My Life a Soap Opera?

So many things have been going on lately I’m beginning to wonder if this is a sick soap opera no one told me about.  My best Friend Starr has run into some trouble lately.  I just found out that she recently got out of a mental hospital and her and her guy are currently homeless.  They are looking for a way to get a bus ticket out to Oklahoma where a friend is going to house and marry them.  I’m worried about her.  No matter how many times she tells me there is no need to worry, I still do.  She has been my friend for 12 or 13 years now, how could i not worry about her?  I’m hoping they will be alright and able to get out there safely.

On another note, I’ve been having some trouble with a love ‘V’.  My husband doesn’t know what to make of things and truthfully neither do I.  My ex-girlfriend dropped by for a surprise visit last weekend and we all had a little to drink.  Nothing to major mind you, just something to loosen ones nerves.  Anyway we where horsing around and having fun when she tried to kiss me.  I know she still likes me but yeah.  My husband was not too happy but says he isn’t gonna hover on it since I did tell him.  I myself am just confused on what I should do.  Either way, it was a hella funny scene.  XD  And Boogy, if you are reading this, don’t take it the wrong way.  ^^;  Be sure to give me a call before making any assumptions based on this post.

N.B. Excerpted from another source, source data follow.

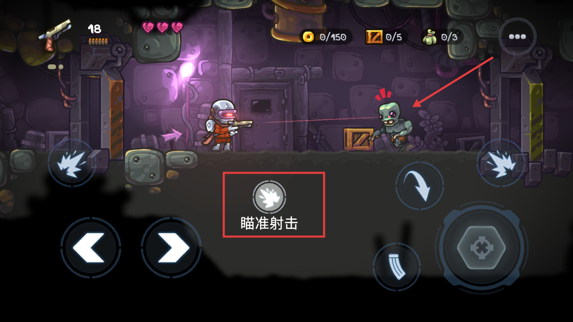 1、使用左侧摇杆控制移动,右侧瞄准攻击,点击跳跃箭头躲避危险,快速消灭出现的僵尸推进关卡。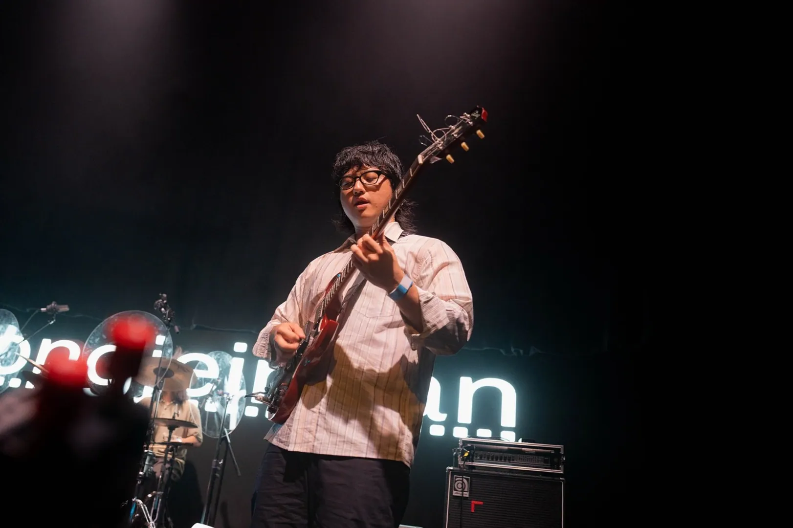 bongjeingan brought Seoul’s creative heartbeat to the festival. Made up of members from Hyukoh, Sultan of the Disco, and Kiha & The Faces, the trio channelled a raw honesty that blurred the lines between indie rock and math rock. Their set was luminous and loose, anchored in rhythm but unafraid to drift into wild crescendos. It felt like watching three musicians heal each other in real time — and inviting everyone else to join in.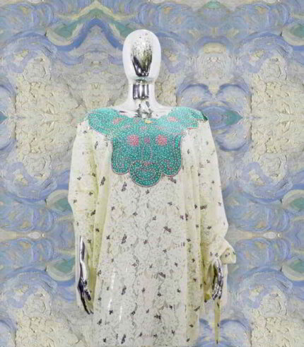 Original price was: US$90.00.US$40.00Current price is: US$40.00.Kiki Collection Abaya Boubou Kaftan: Embroidered Luxury with Beaded and Stone Accents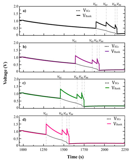 Figure 9 shows the discharge of the SCB for each discharge routine obtained from the electrical characterization and the average value of energy present in each device, as well as presenting the complete bank during each of the reconfigurations. The reconfiguration of the bank voltage (), as well as the period between each reconfiguration, can be observed. The increase in the voltage peaks corroborated the execution of each of the proposed reconfigurations. The average voltage level () present in the six SCs at the time of each reconfiguration is displayed by the dashed line. Each of the proposed reconfigurations increased the voltage delivery time within the functional range to meet the requirements demanded by loads that require a minimum voltage to operate correctly. It can be seen from Figure 9 that the higher the voltage value of the reconfiguration, the greater the level of tension obtained in the output of the SCB. The slope of each discharge process is different, because the reconfiguration voltage value in each respective routine is not equal, while the higher the reconfiguration voltage limit, the longer the percentage time increment, and due to this, the original discharge time is shorter, and therefore represents the most significant increase of time. The choice of an appropriate reconfiguration routine is dependent on the application and its voltage requirements. In all cases, however, the reconfiguration increased the energy delivery time of the storage device.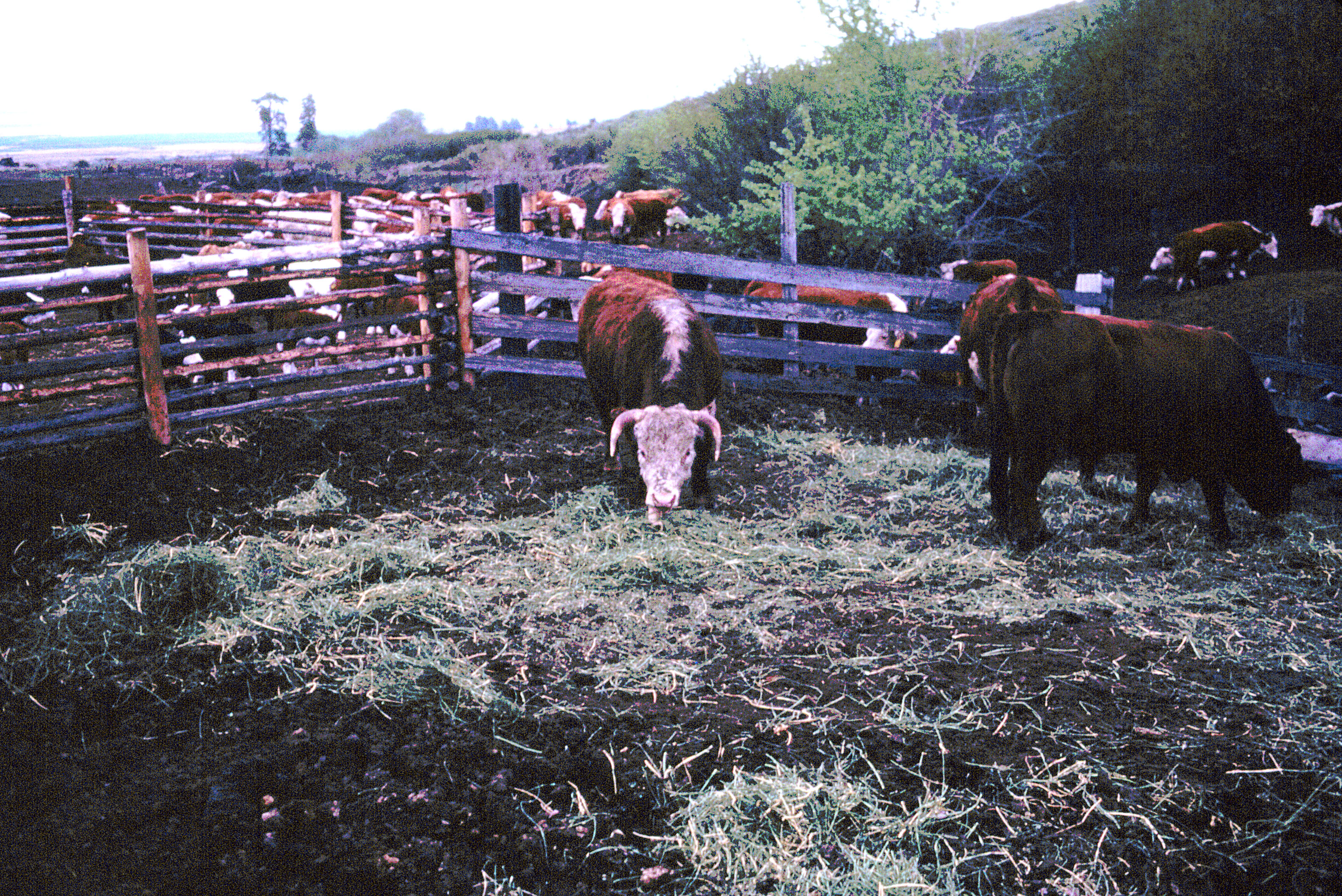 Y: 1983 D: ranch, corrals, cattle, hereford bull, spring 1983 C: ranch, corrals, cattle, hereford bull, spring 1983. photo: from 0.9x1.3 color transparency; 2400 ppi.

On other more normal news, Big Red has towed our car and will begin fixing it.  I am very hopeful that it will be done soon.  Then Link can drive to work and not worry if he has a ride anymore.

Also, I have been searching for an artist to draw out the design I made for my possible tattoo.  I’m still not sure I’ll get one because I don’t want to disapoint my family.  It’s just that to me, tattoo’s can be a beautiful thing.  I dunno,  think once its finished be drawn I’ll take it around to show everyone and see what they feel.  I know it is my choice in the end, but I don’t want my family to to be u[pset by it.  You know?